Any series of 1 or more digits that are not directly succeeded by a dot (in order to not match floats).

Hexadecimal

0[xX][0-9a-fA-F]+

Binary

0b[01]+

Float

Simple

[-+]?[0-9]+\.[0-9]+

floatregexsimple

This version of the regex could erroneously match 4-component Version identifiers.

Rigorous

(?<![\w\.])[-+]?[0-9]*[\.][0-9]+(?:[eE][-+]?[0-9]+)?(?:[fF])?(?![\w\.])

floatregexrigorous2

This still doesn't apply to the rarer formats 0.-0. 0.f -0.f 1e10 1e-5, but no one really writes them that way anyway.

Other Identifiers

TEMPLATE and ARG

These are currently special key words and should formally be considered a token. Their use outside of the intended areas (which also aren't currently defined) should error. These two tokens are also a good example of why vercond at least needs its own separate grammar (aside from arithmetic making no sense there).

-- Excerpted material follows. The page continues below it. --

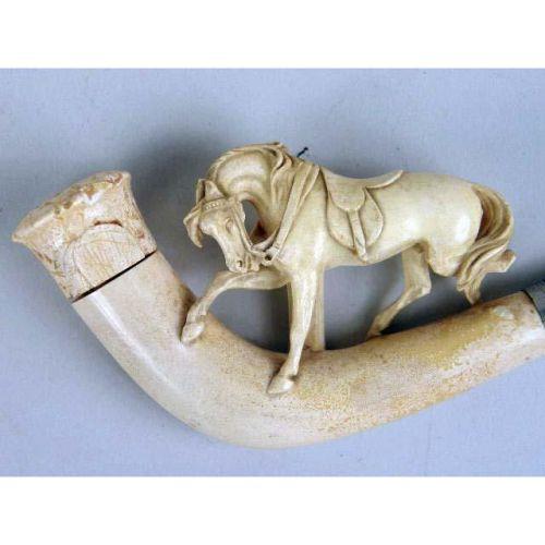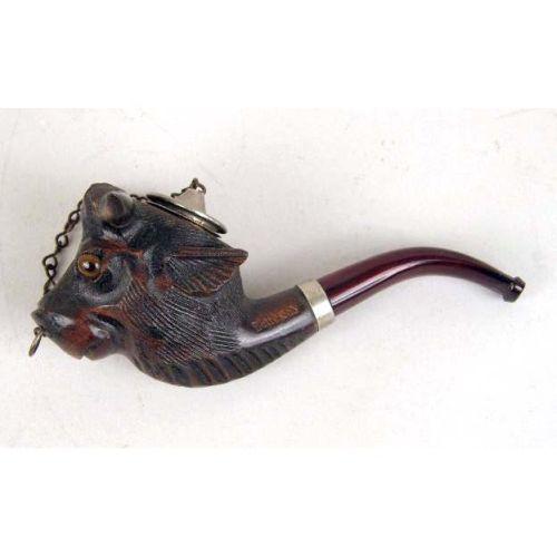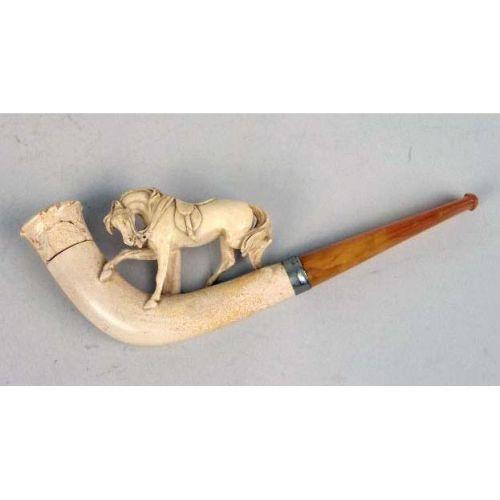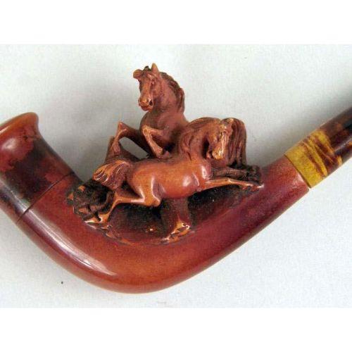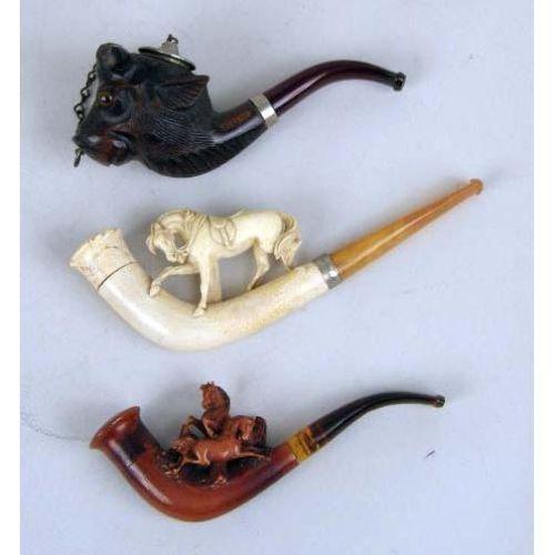 A GROUP OF THREE PIPES<BR><BR>including two meerschaum examples with a horse motif, and a bull marked "Bullshead". Losses. 7"l

TEMPLATE is not actually used in any attributes with expressions, only type and template, but it technically could be. Should it?
- Example: cond="TEMPLATE == NiProperty" i.e. template specialization.
TEMPLATE and ARG should probably take on the token delimiter syntax proposed in #70 . It would make things consistent and all strings could be split on tokens via one single regex

Operators

For ease of reading I will make tables of what is in use and what operators do and do not need to be implemented that aren't already being used.

Arithmetic

Addition, Multiplication, and Division are all used. Subtraction used to be but was actually unnecessary for that field.

In Use	✔️	❌
`+` `*` `/`	`-` `%`	`++` `--` `=`

Logical and Bitwise

In Use	✔️	❌
`&&` `\\|\\|` `!`
`&` `\\|`	`<<` `>>`	`^` `~`

Member Access

With the introduction of BSVertexDesc, a compound that is attempting to mimic a bitfield that spans a 64-bit integer, a child of BSVertexDesc needed to be passed into another compound via the shared parent.

<add name="Vertex Desc" type="BSVertexDesc" />
<add name="Vertex Data" type="BSVertexData" arg="Vertex Desc\Vertex Attributes" />

Most programming languages use . for this, but with our identifiers having spaces, it just looks awkward. (Also, in this particular case, the real answer is to actually introduce a real bitfield type, which is relevant to #3 and the Flags type.)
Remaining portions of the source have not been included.